Automatic lip reading is one of the tasks of machine vision, which comes down to the frame-by-frame processing of a video sequence. The task is greatly complicated by the low quality of most practical video materials, which do not allow accurate reading of the spatiotemporal, that is, spatial-temporal characteristics of a person during a conversation. Persons move and turn in different directions. Recent developments in computer vision are trying to track the movement of faces in the frame to solve this problem. Despite successes, until recently they were able to recognize only single words, but not sentences.

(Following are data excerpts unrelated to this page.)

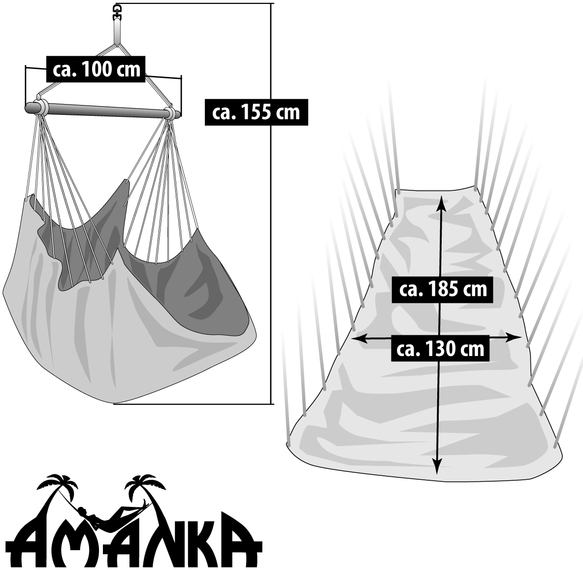 Der XXL Hängesessel von AMANKA bietet mit seinen großzügigen Maßen von ca. 185x130 cm und einer Belastbarkeit von bis zu 150 kg Platz für entspannte Stunden. Hergestellt aus 320 g/m² schwerer Baumwolle und einem robusten Holz-Spreitzstab, garantiert er sowohl Komfort als auch Stabilität. Der 360° drehbare Metall-Swivel sorgt für eine flexible Nutzung, während der Abrutschschutz zusätzlichen Halt bietet. Ideal für Garten, Balkon oder Wohnzimmer. **Highlights** - Unfassbar bequem – ideal zum Lesen, Schlafen und Träumen - Gut für den Rücken – entlastet die Wirbelsäule und schont die Gelenke - Belastbar bis 150 kg – Platz für bis zu 2 Personen - Liegeschaukel mit Abrutschschutz – sichere Verbindung mit dem Holzstab - Für Gestell, Baum & Decke – vielseitig einsetzbar **Produkteigenschaften** - Gesamtmaße (Tuch): ca. 185x130 cm - Gesamtmaße (Holzstab): ca. 100x4 (Ø) cm - Gesamthöhe vom kompletten Hängestuhl: ca. 155 cm - Drehschutz: 1 x Swivel - Material (Tuch): 320 g/m² 100% Baumwolle - Material (Stab): Massivholz **Lieferumfang** - 1 x kompletter Hängesitz in der gewählten Farbe (1 x Sitzfläche, 1 x Spreitzstab Holz, 1 x Drehwirbel für die Aufhängung)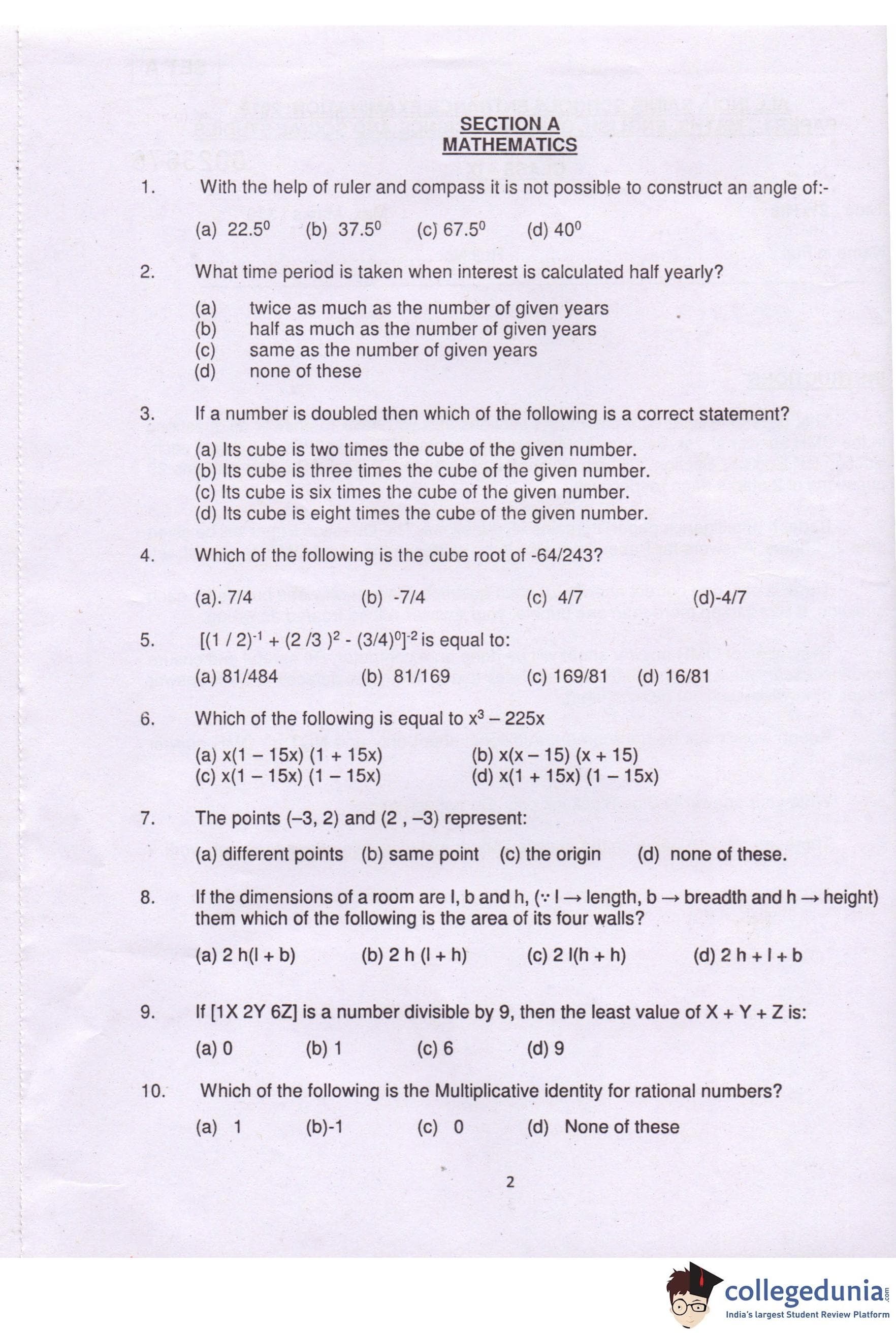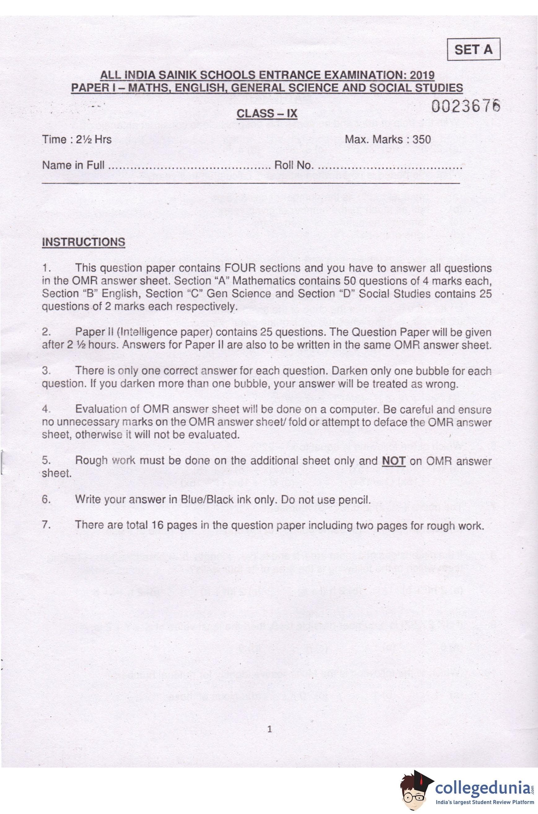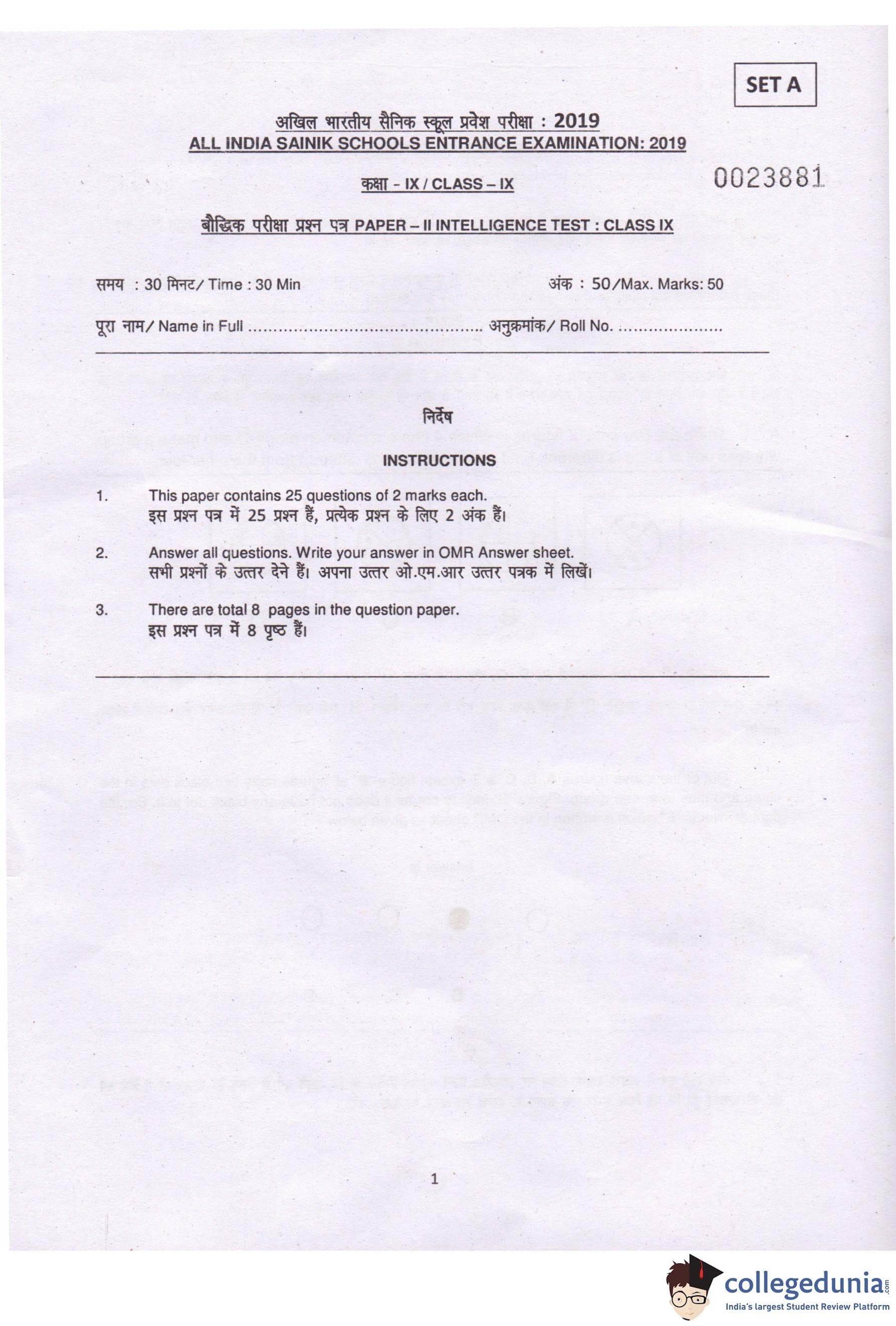 AISSEE 2019 Question Paper with Answer Key Class 9 (Set A)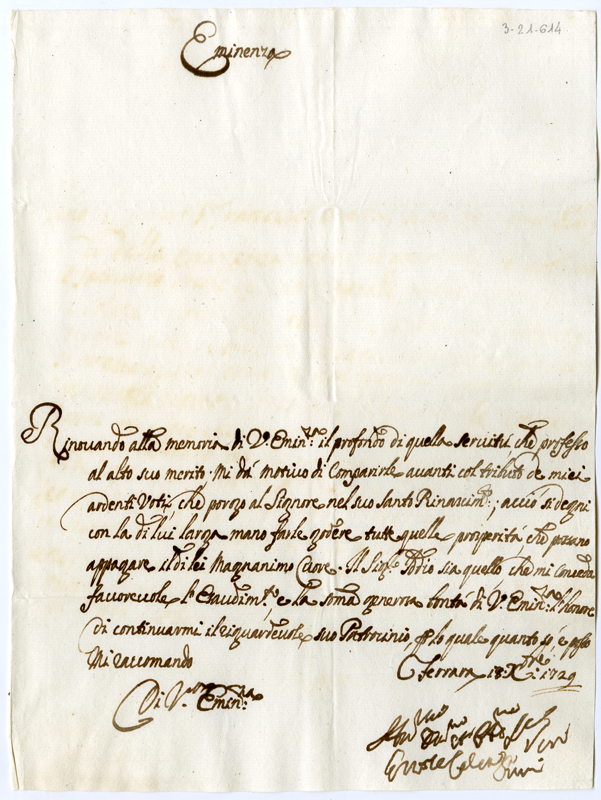 Lettera di Ercole Pieri al cardinale Annibale Albani (1729 dicembre 18)
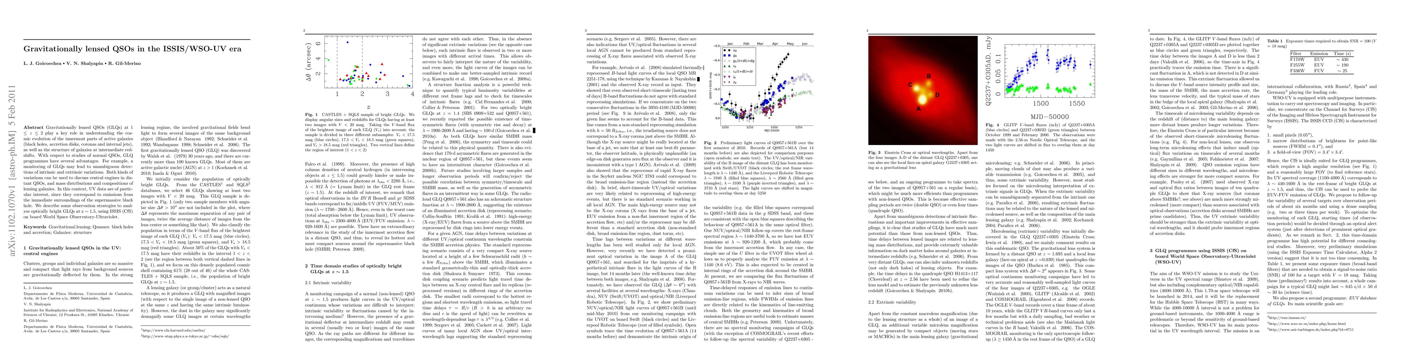 Gravitationally lensed QSOs (GLQs) at redshift z = 1-2 play a key role in understanding the cosmic evolution of the innermost parts of active galaxies (black holes, accretion disks, coronas and internal jets), as well as the structure of galaxies at intermediate redshifts. With respect to studies of normal QSOs, GLQ programmes have several advantages. For example, a monitoring of GLQs may lead to unambiguous detections of intrinsic and extrinsic variations. Both kinds of variations can be used to discuss central engines in distant QSOs, and mass distributions and compositions of lensing galaxies. In this context, UV data are of particular interest, since they correspond to emissions from the immediate surroundings of the supermassive black hole. We describe some observation strategies to analyse optically bright GLQs at z of about 1.5, using ISSIS (CfS) on board World Space Observatory-Ultraviolet.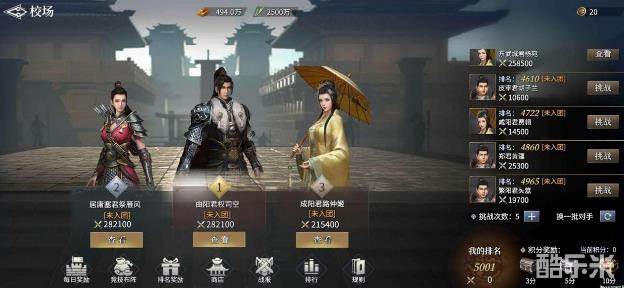 校场这个玩法的意思就是玩家们可以在比赛中相互挑战来争夺名次,最后会根据每个玩家名次的高低来分配奖励,名次越高的奖励就越丰富。1.玩家们一天之内可以挑战5次,每次挑战都会消耗掉校武牌,一天有5张,一定要打有准备之仗,毕竟机会难得。

Significant breakthroughs in this area have been made by the developers at Oxford University. The LipNet neural network trained by thembecame the first in the world, which successfully recognizes lip-rate speech at the level of entire sentences, processing the video sequence.
Single- card salinity cards for the English words "please" (above) and "lay" (below) when processing a neural network that reads lips, highlighting the most attractive (salient) features of
LipNet - recurrent neural network of the LSTM type (long short-term memory). The architecture is shown in the illustration. The neural network was trained using the neural network temporal classification method (Connectionist Temporal Classification, CTC), which is widely used in modern speech recognition systems, since it eliminates the need for training in input data that is synchronized with the correct result.
LipNet neural network architecture. The input is a sequence of frames T, which are then processed by three layers of the space-time (spatiotemporal) convolutional neural network (STCNN), each of which is accompanied by a layer of spatial sampling. For extracted features, the sampling rate on the timeline increases (upsampling), and then they are processed with dual LTSM. Each time step at the LTSM output is processed by a two-layer network of direct distribution and the last layer of SoftMax.
On the special package of the GRID sentences, the neural network shows recognition accuracy of 93.4%. This not only exceeds the recognition accuracy of other software developments (which are listed in the table below), but also exceeds the lip-reading performance of specially trained people.
Method | Data set | The size | Extradition | Accuracy |
---|---|---|---|---|
Fu et al. (2008) | AVICAR | 851 | Numbers | 37.9% |
Zhao et al. (2009) | AVLetter | 78 | Alphabet | 43.5% |
Papandreou et al. (2009) | CUAVE | 1800 | Numbers | 83.0% |
Chung & Zisserman (2016a) | OuluVS1 | 200 | Phrases | 91.4% |
Chung & Zisserman (2016b) | OuluVS2 | 520 | Phrases | 94.1% |
Chung & Zisserman (2016a) | BBC TV | > 400,000 | The words | 65.4% |
Wand et al. (2016) | GRID | 9000 | The words | 79.6% |
Lipnet | GRID | 28853 | suggestions | 93.4% |
The special GRID package is composed of the following pattern:
command (4) + color (4) + preposition (4) + letter (25) + digit (10) + adverb (4),
where the number corresponds to the number of word variations for each of the six verbal categories .
In other words, the accuracy of 93.4% is still a result obtained in greenhouse laboratory conditions. Of course, when recognizing arbitrary human speech, the result will be much worse. Not to mention the analysis of data from a real video, where a person's face is not taken close-up in excellent lighting and with high resolution.
The operation of the LipNet neural network is shown in a demo video.
The scientific article was prepared for the ICLR 2017 conference and was published on November 4, 2016 in open access.